A revealed religion is one based on information communicated from the spiritual world to humanity through some sort of medium, most commonly through prophets. Thus, spiritual truth is revealed to believers because it is not something inherently obvious or something one could naturally conclude.
Judeo-Christian Religions as Revealed Religions
The Judeo-Christian religions are all strongly revealed religions. The Old Testament includes many stories of those whom God used to transmit knowledge of himself and his expectations. Their appearance comes at times when the Jewish people have significantly strayed from God's teachings, and the prophets remind them of his commandments and warn them of impending disaster as punishment. For Christian, Jesus arrived as God incarnate to directly minister to the community. For Muslims, Mohammad was selected after Jesus (seen as a prophet rather than as God) to provide a final revelation.Writings about these prophets exist today which continues to guide believers. The Tanakh, the Bible, and the Koran are the scriptures of these three religions, providing the most basic building blocks of their respective faiths.
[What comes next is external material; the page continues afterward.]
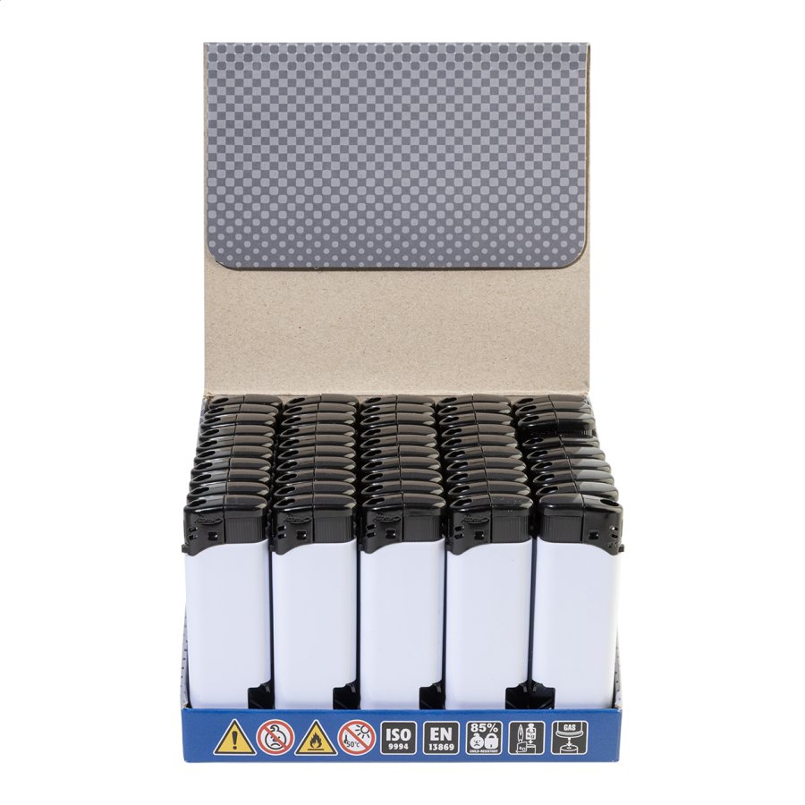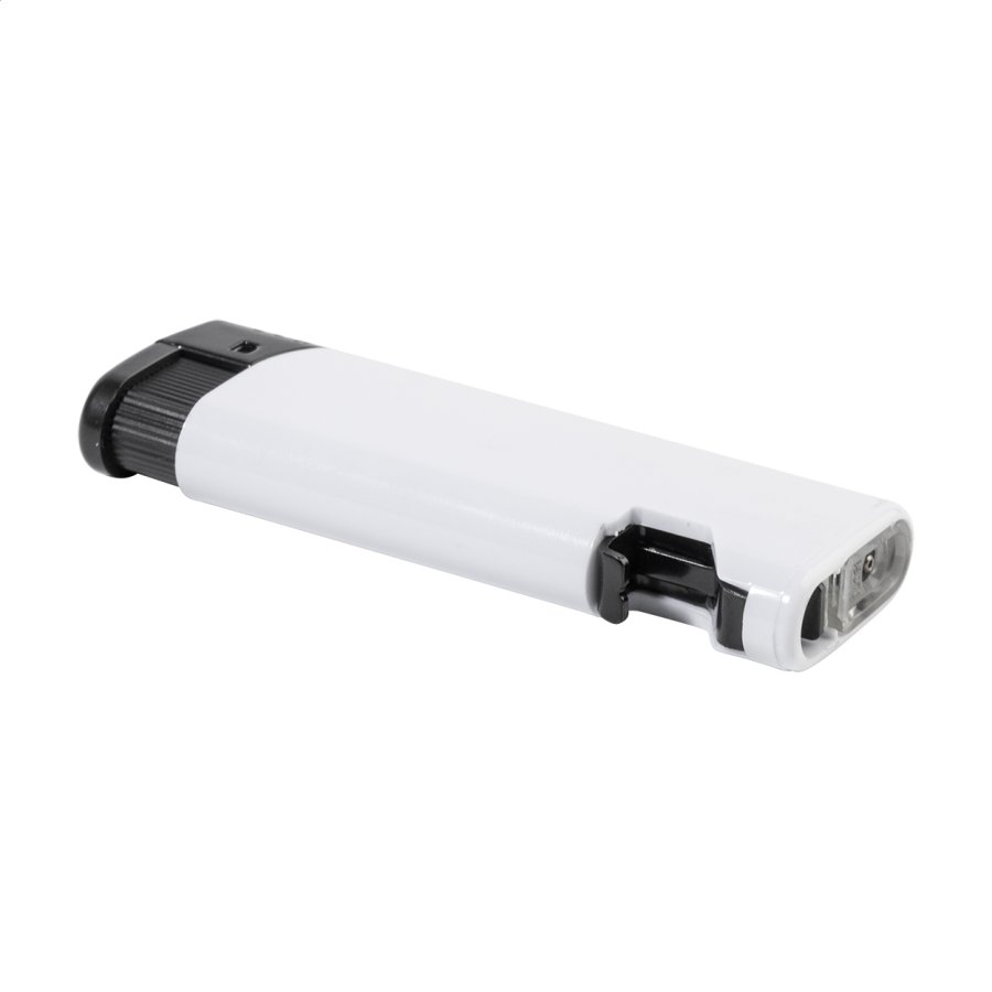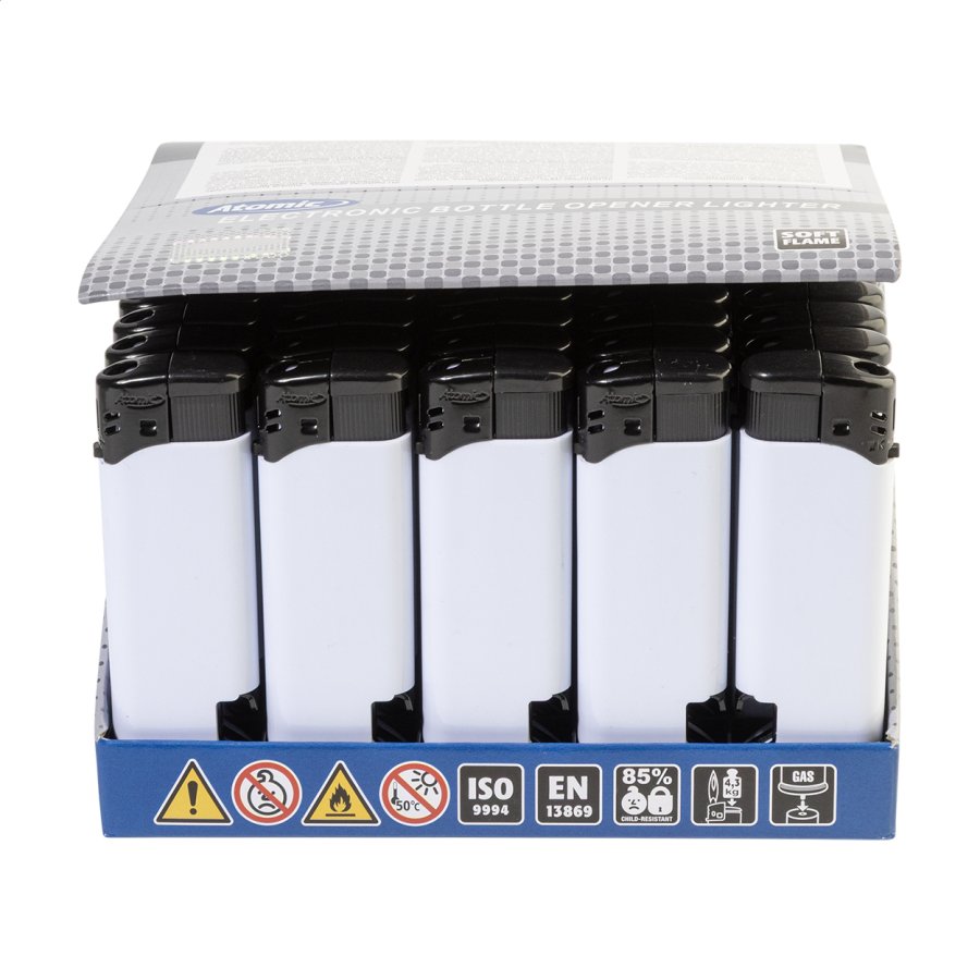 Plnitelný plastový piezoelektrický zapalovač s otvírákem. Dětská pojistka. Do dává se s přibližně 80% hladinou plynu. K dispozici pouze v plném exportním kartonovém množství (násobky 500 kusů)!
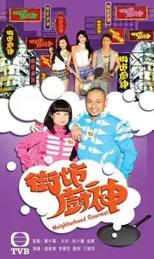 Neighborhood Gourmet (Chinese: 街坊廚神; Jyutping: Gaai1 Fong1 Ceoi4 San1; literally "Neighborhood Chef") is a Hong Kong variety food reality television series produced by TVB, hosted by Kitty Yuen and King Kong Lee. Each episode Yuen and Lee tour a different neighborhood in or around Hong Kong to scope out the most unusual and best food offerings in that neighborhood. During midway through each episode two new artistes (male and female) will tag along with the shows two main host to sample food during the viewer recommendation segment of the show. These two new artistes will also assist the host during the end cooking competition segment.[1][2] Series 1 began broadcast on May 3, 2011, TVB Jade weekdays during its 10:30 to 11:00 pm time slot with a total of 29 episodes. Series 2 began broadcast on November 18, 2012, TVB Jade Sundays during its 8:00 to 9:00 pm timeslot with a total of 18 episodes. Series 3 began broadcast on April 26, 2015, on TVB Jade Sundays suring it 7:35 to 8:30 timeslot with an expected 18 episodes total. This series will be filmed abroad focusing on each countries specialty cuisine instead of neighborhoods, but the shows format will remain the same.[3]

More recent religions drawing on Judeo-Christian teachings are also generally revealed religions. The Baha'i faith accepts that God chose prophets all over the world to reveal his messages, and those prophets have continued passed the time of Mohammad. Raelians accept the Judeo-Christian prophets as those who communicated with aliens rather than God, and their founder, Rael, as being the most recent prophet of the alien Elohim. Knowledge of the Elohim comes only from Rael, as they do not directly communicate with anyone else. As such, Raelianism is every bit as much a revealed religion as its more traditional predecessors.
Natural Religion
The opposite of revealed religion is sometimes called natural religion. Natural religion is religious thought that is independent of revelation. Taoism is an example of natural religion, as are all forms of Satanism, among others. These religions have no divinely inspired books nor prophets.
"Man-Made Religion"
The term "revealed religion" is sometimes pejoratively used synonymously with "man-made religion," implying that these religions tell people what other people claim to know about God rather than people learning about God directly through study and experience.Deists are fairly vocal in this regard. They believe in a creator that is knowable through his creation but disregard the idea of any authority on the matter, particularly when they claim unprovable things. They do not necessarily deny supernatural events, but they do not accept them as fact except perhaps through personal, subjective experience. The stories of others are not considered a valid basis for one's own understanding of God.
Necessity of Revelation
Of course, those who believe in revealed religion find an absolute necessity in revelation. If a god or God does indeed have expectations for humanity, those expectations need to be somehow communicated, and traditionally information has spread via word of mouth. So God reveals himself through prophets who pass on the information to others who eventually write such information down so that it can be further shared. There is no objective measurement of the value of revelation. It is a matter of faith whether you accept such revelations as genuine.